## Task
Report each line from the records where the string "Park" turns up.

## Data provided
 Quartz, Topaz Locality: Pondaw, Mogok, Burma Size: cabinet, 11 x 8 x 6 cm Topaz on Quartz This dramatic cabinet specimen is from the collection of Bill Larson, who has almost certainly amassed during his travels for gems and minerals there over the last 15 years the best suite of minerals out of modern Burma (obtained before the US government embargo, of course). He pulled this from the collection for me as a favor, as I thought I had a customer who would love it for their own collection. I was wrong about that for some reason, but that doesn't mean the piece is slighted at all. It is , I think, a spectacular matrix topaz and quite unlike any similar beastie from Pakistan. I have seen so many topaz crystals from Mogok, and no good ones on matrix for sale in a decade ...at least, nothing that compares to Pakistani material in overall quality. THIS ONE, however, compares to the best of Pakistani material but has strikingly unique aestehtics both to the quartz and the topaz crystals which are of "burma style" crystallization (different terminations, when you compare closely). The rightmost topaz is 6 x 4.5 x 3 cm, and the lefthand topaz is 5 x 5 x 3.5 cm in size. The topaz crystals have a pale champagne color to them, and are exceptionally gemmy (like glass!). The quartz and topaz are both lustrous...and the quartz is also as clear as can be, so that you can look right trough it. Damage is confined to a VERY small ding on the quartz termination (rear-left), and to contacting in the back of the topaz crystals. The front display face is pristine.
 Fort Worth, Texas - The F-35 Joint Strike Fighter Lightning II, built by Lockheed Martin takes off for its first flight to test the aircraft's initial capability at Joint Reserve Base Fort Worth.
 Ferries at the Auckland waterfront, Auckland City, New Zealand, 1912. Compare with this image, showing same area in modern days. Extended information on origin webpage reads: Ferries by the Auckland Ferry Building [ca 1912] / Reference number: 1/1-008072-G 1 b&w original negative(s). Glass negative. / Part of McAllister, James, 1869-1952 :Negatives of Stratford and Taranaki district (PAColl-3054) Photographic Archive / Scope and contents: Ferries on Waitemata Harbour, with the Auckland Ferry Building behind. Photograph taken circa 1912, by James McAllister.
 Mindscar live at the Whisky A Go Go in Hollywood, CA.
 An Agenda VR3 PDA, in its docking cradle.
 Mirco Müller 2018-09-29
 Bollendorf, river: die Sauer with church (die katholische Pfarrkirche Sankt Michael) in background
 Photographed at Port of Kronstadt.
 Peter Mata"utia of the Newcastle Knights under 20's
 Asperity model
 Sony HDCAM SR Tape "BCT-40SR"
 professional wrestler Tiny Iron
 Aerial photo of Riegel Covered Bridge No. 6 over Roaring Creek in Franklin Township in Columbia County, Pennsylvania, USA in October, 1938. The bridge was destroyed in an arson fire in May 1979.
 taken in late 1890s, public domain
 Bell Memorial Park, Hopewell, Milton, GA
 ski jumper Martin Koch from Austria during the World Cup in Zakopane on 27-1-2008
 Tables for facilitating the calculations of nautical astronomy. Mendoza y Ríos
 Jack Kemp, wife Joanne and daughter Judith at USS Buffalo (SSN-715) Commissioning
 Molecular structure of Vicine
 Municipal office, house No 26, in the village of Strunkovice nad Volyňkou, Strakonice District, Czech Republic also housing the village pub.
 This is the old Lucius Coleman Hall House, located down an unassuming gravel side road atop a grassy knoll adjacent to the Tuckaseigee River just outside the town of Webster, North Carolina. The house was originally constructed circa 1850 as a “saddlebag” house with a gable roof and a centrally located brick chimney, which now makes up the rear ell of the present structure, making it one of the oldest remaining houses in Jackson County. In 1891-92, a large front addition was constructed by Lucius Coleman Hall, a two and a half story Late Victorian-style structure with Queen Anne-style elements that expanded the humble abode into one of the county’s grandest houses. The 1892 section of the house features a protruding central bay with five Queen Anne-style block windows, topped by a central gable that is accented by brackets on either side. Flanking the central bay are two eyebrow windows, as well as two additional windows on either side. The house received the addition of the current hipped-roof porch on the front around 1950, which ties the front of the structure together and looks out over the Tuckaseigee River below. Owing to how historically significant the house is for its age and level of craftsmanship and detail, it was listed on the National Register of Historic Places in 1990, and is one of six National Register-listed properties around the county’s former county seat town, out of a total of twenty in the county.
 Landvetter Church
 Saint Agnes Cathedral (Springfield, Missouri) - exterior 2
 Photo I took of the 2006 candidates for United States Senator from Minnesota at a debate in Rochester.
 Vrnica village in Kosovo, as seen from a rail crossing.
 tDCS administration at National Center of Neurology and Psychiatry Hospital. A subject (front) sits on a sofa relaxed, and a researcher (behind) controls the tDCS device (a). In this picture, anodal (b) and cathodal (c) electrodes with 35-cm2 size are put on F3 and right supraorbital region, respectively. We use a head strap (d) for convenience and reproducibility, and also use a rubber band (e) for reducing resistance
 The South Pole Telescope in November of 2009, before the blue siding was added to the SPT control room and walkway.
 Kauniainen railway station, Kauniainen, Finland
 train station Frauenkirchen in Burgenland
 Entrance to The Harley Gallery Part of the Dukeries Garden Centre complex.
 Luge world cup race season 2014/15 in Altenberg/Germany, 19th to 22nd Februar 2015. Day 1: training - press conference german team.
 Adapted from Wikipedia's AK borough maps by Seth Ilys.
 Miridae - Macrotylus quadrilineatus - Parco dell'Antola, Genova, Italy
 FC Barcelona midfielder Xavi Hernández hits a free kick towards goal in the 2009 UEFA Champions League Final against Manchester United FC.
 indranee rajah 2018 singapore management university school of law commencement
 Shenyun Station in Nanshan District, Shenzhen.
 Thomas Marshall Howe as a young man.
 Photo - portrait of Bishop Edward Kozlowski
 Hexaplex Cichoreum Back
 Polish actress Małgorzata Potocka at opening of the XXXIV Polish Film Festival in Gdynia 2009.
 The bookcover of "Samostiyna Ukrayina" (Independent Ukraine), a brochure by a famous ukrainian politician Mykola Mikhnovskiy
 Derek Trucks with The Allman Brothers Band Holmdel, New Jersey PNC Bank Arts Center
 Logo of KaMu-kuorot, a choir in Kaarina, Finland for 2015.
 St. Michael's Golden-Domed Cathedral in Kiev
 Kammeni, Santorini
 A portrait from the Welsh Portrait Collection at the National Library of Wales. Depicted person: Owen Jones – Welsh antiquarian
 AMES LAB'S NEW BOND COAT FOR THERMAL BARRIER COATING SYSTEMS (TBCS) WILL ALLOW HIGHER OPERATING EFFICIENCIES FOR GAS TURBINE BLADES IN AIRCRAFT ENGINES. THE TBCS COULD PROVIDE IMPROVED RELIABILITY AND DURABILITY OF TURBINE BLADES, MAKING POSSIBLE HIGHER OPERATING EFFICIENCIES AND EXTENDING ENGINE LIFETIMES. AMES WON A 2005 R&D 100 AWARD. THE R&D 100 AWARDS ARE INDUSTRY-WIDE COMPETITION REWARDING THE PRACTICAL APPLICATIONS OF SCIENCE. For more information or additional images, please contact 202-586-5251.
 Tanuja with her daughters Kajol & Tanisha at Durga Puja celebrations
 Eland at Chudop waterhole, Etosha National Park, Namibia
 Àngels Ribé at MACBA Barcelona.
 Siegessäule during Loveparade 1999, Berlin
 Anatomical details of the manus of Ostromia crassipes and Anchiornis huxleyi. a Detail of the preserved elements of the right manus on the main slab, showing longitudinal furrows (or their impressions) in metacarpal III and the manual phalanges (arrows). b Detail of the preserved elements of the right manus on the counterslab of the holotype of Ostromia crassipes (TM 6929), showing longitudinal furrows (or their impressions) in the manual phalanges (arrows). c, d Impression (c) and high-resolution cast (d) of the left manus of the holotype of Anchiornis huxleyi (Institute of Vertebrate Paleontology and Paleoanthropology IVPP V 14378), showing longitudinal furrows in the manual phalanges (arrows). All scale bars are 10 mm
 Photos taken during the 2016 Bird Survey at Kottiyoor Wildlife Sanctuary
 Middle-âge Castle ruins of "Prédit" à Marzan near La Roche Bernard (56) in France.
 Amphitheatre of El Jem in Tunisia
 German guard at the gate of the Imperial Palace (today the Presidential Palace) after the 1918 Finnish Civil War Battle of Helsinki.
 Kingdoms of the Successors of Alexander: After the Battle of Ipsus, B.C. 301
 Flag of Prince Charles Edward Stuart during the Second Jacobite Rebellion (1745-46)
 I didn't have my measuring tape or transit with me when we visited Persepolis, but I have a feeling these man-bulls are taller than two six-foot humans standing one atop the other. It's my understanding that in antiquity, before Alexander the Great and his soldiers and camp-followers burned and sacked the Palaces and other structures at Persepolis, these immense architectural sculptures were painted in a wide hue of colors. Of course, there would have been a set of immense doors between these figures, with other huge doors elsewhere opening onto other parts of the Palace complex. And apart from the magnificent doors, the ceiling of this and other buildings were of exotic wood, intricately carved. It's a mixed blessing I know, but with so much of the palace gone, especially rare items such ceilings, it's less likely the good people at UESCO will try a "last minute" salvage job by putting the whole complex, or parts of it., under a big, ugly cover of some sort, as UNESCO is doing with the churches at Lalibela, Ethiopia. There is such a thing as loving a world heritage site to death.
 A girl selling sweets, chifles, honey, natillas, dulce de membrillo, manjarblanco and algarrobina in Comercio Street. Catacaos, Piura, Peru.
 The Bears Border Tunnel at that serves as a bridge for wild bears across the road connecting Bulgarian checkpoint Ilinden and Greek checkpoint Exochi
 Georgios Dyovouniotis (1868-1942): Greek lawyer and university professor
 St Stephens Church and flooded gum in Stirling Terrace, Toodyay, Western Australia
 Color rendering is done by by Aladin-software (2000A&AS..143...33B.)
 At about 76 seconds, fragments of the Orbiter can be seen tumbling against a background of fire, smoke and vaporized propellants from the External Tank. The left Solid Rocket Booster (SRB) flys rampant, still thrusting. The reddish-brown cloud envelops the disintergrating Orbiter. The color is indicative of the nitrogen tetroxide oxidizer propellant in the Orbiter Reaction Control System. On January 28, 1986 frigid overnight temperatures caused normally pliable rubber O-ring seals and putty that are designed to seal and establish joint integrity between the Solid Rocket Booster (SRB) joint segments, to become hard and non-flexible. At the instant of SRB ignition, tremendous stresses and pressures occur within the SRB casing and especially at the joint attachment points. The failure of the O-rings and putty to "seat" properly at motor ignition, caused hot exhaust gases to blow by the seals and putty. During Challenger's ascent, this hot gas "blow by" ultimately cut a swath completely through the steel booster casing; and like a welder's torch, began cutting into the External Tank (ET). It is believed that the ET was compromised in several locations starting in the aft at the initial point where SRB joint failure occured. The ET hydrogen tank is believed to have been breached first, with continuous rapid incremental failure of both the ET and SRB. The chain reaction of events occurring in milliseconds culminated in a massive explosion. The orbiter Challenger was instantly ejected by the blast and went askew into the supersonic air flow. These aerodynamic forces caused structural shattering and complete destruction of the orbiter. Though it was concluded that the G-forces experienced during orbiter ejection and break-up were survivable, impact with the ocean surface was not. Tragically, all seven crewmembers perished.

## Exercise answer
 Bell Memorial Park, Hopewell, Milton, GA
 Eland at Chudop waterhole, Etosha National Park, Namibia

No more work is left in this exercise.